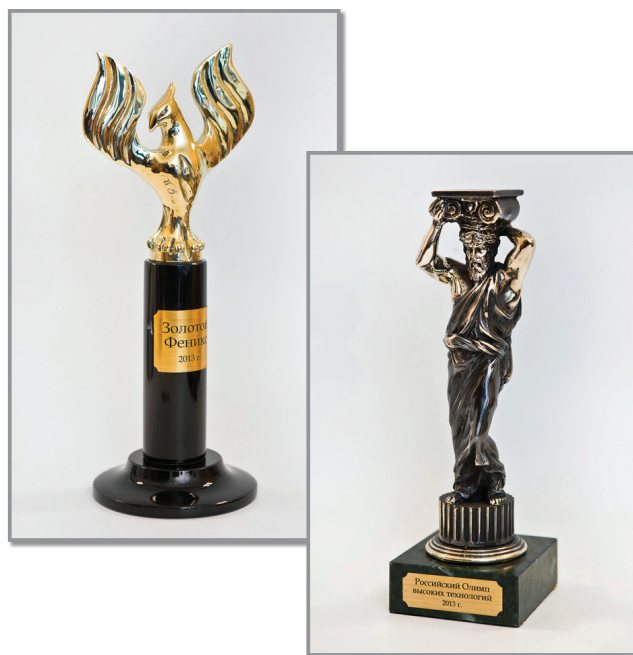
Призы Премий «Золотой Феникс–2013» и «Российский Строительный Олимп–2013»

Программы проводятся при поддержке Правительства Москвы, администраций субъектов Российской Федерации, Торгово-промышленной палаты Российской Федерации, Российского союза промышленников и предпринимателей
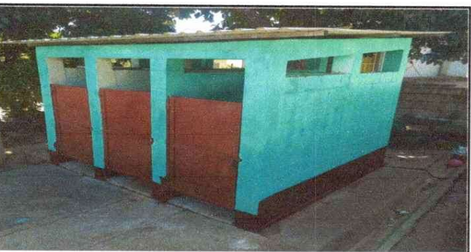
Foto 5 Mantenimiento a estructura (lijado, cambio de tubo, cepillado aplicación de pintura) a puertas de sanitarios
━━━━
* _Exercise instructions_: Word for word, repeat only the lines from the line containing "Программы проводятся при" through the end of the data, without any pictures.

* _Written solution_:
Программы проводятся при поддержке Правительства Москвы, администраций субъектов Российской Федерации, Торгово-промышленной палаты Российской Федерации, Российского союза промышленников и предпринимателей
Foto 5 Mantenimiento a estructura (lijado, cambio de tubo, cepillado aplicación de pintura) a puertas de sanitarios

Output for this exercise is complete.